Set the Slice on your SSAS Cube Partitions now!

I am pretty sure that most of you would have heard or read about this at least once in your SSAS career, but how many of you actually do set slices for your partitions? Well, I am also guilty of the charge and seldom did set slices till a recent issue.

1 Setting slice in SSAS cube partitions

Situation : Duh, that’s strange!
It’s a sunny day in Charlotte and I was just playing around with SQL Server Profiler for learning some performance tuning stuff. I executed this simple MDX query on the sample Adventure Works DB for some purpose which is beyond the scope of this post -

select {[Measures].[Internet Sales Amount]} on 0,
{[Ship Date].[Calendar].[Month].&[2008]&[4]} on 1
from [Adventure Works]

Now while I was going through the Profiler trace, I noticed something strange – three partitions (2005, 2006 and 2008) were being read while I expected just one partition (for 2008) to be read as my query just had April 2008 on the rows.

2 Multiple partitions being read in Profiler trace
Now, for people who are not familiar with Adventure Works cube, there are four partitions for the Internet Sales measure group, one for each year from 2005 to 2008 as shown below -

4 Partitions in Internet Sales Measure Group

I decided to take a detour from my actual purpose to investigate this issue.

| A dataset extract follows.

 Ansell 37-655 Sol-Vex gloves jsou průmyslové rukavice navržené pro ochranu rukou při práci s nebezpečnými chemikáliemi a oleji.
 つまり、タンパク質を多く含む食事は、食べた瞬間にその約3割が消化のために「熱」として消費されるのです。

Debugging : Need to dig up that grave!
I was aware that SSAS partitions generate automatic data slicers for each partition and these information are present in the info.*.xml file of the partition data file (you can find them usually at C:\Program Files\Microsoft SQL Server\MSAS10_50.MSSQLSERVER\OLAP\Data folder followed by the cube, measure group and partition name if you haven’t changed the default settings. Note that I am using SQL Server 2008 R2). I decided to have a look at these three partition data files.

4 Partition autimatic data slices

As seen above, there was clearly a difference between the partitions of 2005 / 2006 and 2008 (which are having the names Internet_Sales_2001.0.prt / Internet_Sales_2002.0.prt and Internet_Sales_2004.0.prt. These names are the partition IDs and can be seen in the ID property of the partitions)

5 Partition ID property

It seemed like the auto-slices were not getting created for the 2005 and 2006 partition while it was being done for the 2008 partition. This was further confirmed on opening and inspecting the info.*.xml file with notepad.

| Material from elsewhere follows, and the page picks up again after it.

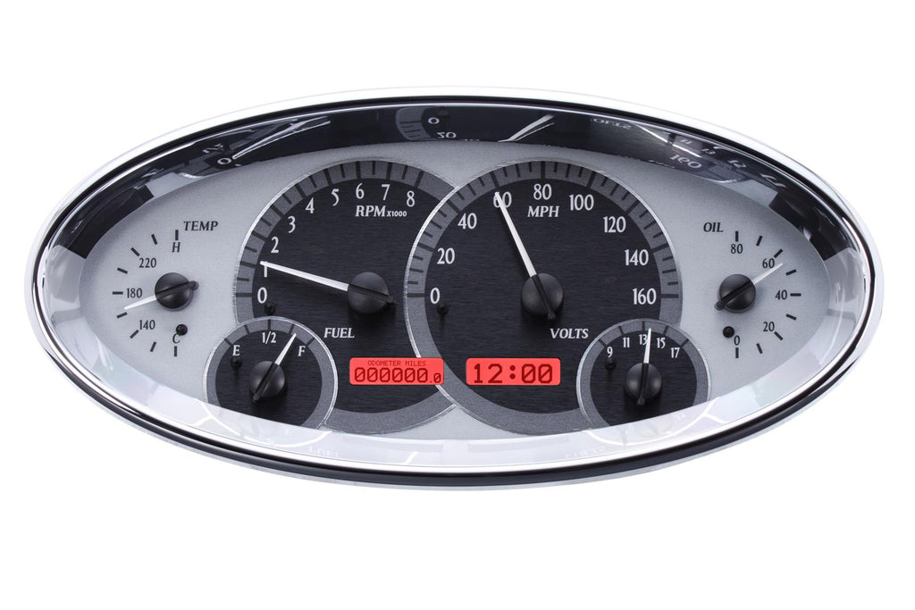 Inspired by the iconic 1932 Ford instrument cluster, Dakota Digital VHX Elliptical Series analog gauge kits are housed in a billet aluminum, show-chromed housing. These VHX gauge clusters provide indicators for more than 20 automotive levels, speeds, and functions--everything you need in one stylish oval dash panel replacement. And, at just 2.5 in. deep, these instrument panels can be used even in the most cramped applications. Dakota Digital VHX Elliptical Series analog gauge kits are available in your choice of illumination colors, such as blue, red, and white, as well as gauge face finishes, like black, silver, and carbon fiber. Put some shiny new compact instrumentation in your ride!Brand: Dakota Digital

Knee-jerk Solution : Or is it?
I went into research mode on Google and soon came up with a  property in the msmdsrv.ini file which limits the creation of auto-slicers based on the number of rows in the partition – the IndexBuildThreshold property.

6 Modifying the msmdsrv.ini file

By default, the value is 4096 rows and both the partitions for 2005 and 2006 had less than 4000 rows. This explained why the auto-slicers were not getting created and I modified it to 1000. Now on reprocessing the measure group, I was able to see that the auto-slicers were generated in the partition data files and only the correct partition was being read in the profiler trace.

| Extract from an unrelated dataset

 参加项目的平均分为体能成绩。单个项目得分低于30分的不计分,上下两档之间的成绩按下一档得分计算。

Actual Solution : The real deal!
I decided to gloat over my findings to my friend and colleague, Javier Guillen (blog | twitter) who was sitting in the next room. When I described the problem statement to him, the very first question he asked me was whether I had set the partition slices, and I was like – sheesh, I missed on that cardinal rule, as usual. I was under the impression that as long as your partition is for a single data member (as in this case – a single year), it should work. But later I found out that partitions for which autoslices are not generated will be scanned anyway, unless the partition slices are explicitly defined. I went back and set the slices for each partition correctly to their respective years and also reverted the IndexBuildThreshold property to the original value of 4096.

7 Setting the partition slices

Once this was done, I processed my measure group and found out that only the correct partitions were being read from the trace files.

Reading Materials
I took some time to read and learn more about partition slices, thought you would be interested in it too if you made it this far.

1) Get most out of partition slices - Mosha Pasumansky
2) SSAS Partition Slicing - Eric Jacobsen
3) Partition Slice Impact on Query Performance - Jesse Orosz

Sunday, January 22, 2012

Using TraceEvent for MDX Debugging

Do you know how it feels like to hear an old song and have a whole lot of memories come flooding back to you? Well, something sort of similar happened to me today. I was doing my weekly reading and going through a brilliant post by Microsoft MVP - Greg Galloway (blog). That was when I noticed that he had released a new functionality to the Analysis Services Stored Procedures (ASSP) Project on Codeplex. I decided to test this new functionality and was thinking of a scenario where I could use it, when I remembered about an old post in the Analysis Services forum that I intended to blog about but never did. New-Tool-in-the-ASSP-Toolkit_thumb1

Now the new addition to the ASSP toolkit is the TraceEvent class. Quoting from the ASSP project page -

“The function in the TraceEvent class is FireTraceEventAndReturnValue. It can be used to detect when Analysis Services is evaluating an expression since the function merely fires a trace event that appears in Profiler as a User Defined event, then returns the integer value you pass in. This function can be used in a scenario such as determining when the cell security expression is evaluated.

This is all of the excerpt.